Classic riff from a virtuoso. A couple notables have been over this, Jazzy Jeff mined it for "Touch of Jazz", Salt-N-Pepa, Heavy D. At times I get an itchy trigger with my iPod, this always plays front to back.

Saturday, January 3, 2009

Moving Forward, Looking Back



Lot's of shit on deck, I've been neglectful, I know. Now comes the point in the season where winter gets old, slushy and gross. You stay in the house unless you have to work and count down the days till mid March. You, the reader will be the beneficiary of my solitary confinement.
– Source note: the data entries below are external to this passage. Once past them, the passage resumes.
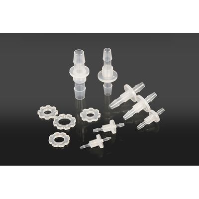 Panel mount bulkheads are made of medical-grade polypropylene and comprise two pieces of fittings, the main bulkhead part and the fixing stator. This tube fitting is widely used for connecting flexible tubing through metal, plastic, acrylic or wooden instrumental housing to transfer fluid or air from one side to another.
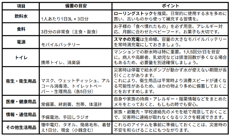 マンションの構造や共用部の備え(非常用電源、防災倉庫など)を最大限に活用しつつ、ご自宅で3日間を安全に過ごすための「初期備蓄」を完璧にすることが、新生活を安心して送るための土台となります。
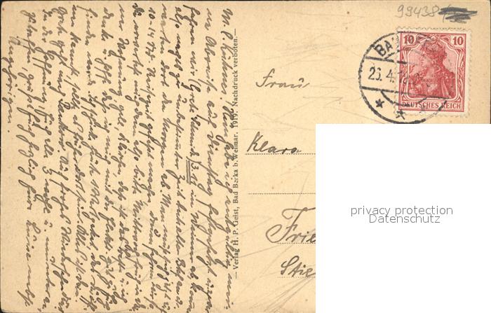 72463549 alte Postkarte Bad Berka Villen am Adelsberge postalisch gelaufen Erhaltung siehe scans KatCode: 11110016071003
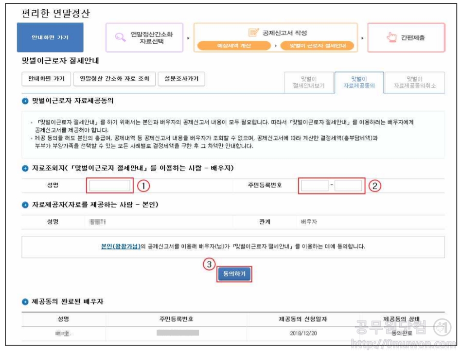 맞벌이근로자 절세 안내 서비스를 이용하기 위해서는 배우자로 부터 배우자의 공제신고서 제공 동의를 받아야 합니다.본인이 배우자에게 공제신고서 자료제공 동의를 해야만 배우자가 맞벌이 근로자 절세 안내 서비스를 이용할 수 있습니다. 자료제동 동의 취소 방법은 글 하단에서 확인해보세요.

One of my favorite things about New York is how when songs blow up here they're absolutely ubiquitous. You walk down the street and it's pounding out of every other car, playing out of a display boom box at Virgin, being sung and danced to by a group of pre-teens on the train. Right now this is that song. Jadakiss can be maddening, the last half year or so he's confined himself to R&B joints or his own shit that sounds R&B. While the results aren't always as miserable as one might assume (I kind of like his work on Neyo's "Right by my side") I miss the days when songs like "Put ya hands up" could get heavy rotation. Jada's a technician, one of the few punchline rappers who are also capable of content, as he delivers here effortlessly over a smooth jazz loop. I had been dreading the release of Notorious, but an interesting looking new preview, coupled with the absolute Biggie mania breaking out all over Brooklyn, significant as he's never far from the collective consciousness as it is, has me thinking I just might be over at the Court Street cinema January 16th. A very pertinent question being discussed at the moment is what kind of music would Biggie be making if he were here today? I like to think it wouldn't be so far from what his Yonkers protege specializes in, microphone proficiency with no made up shit.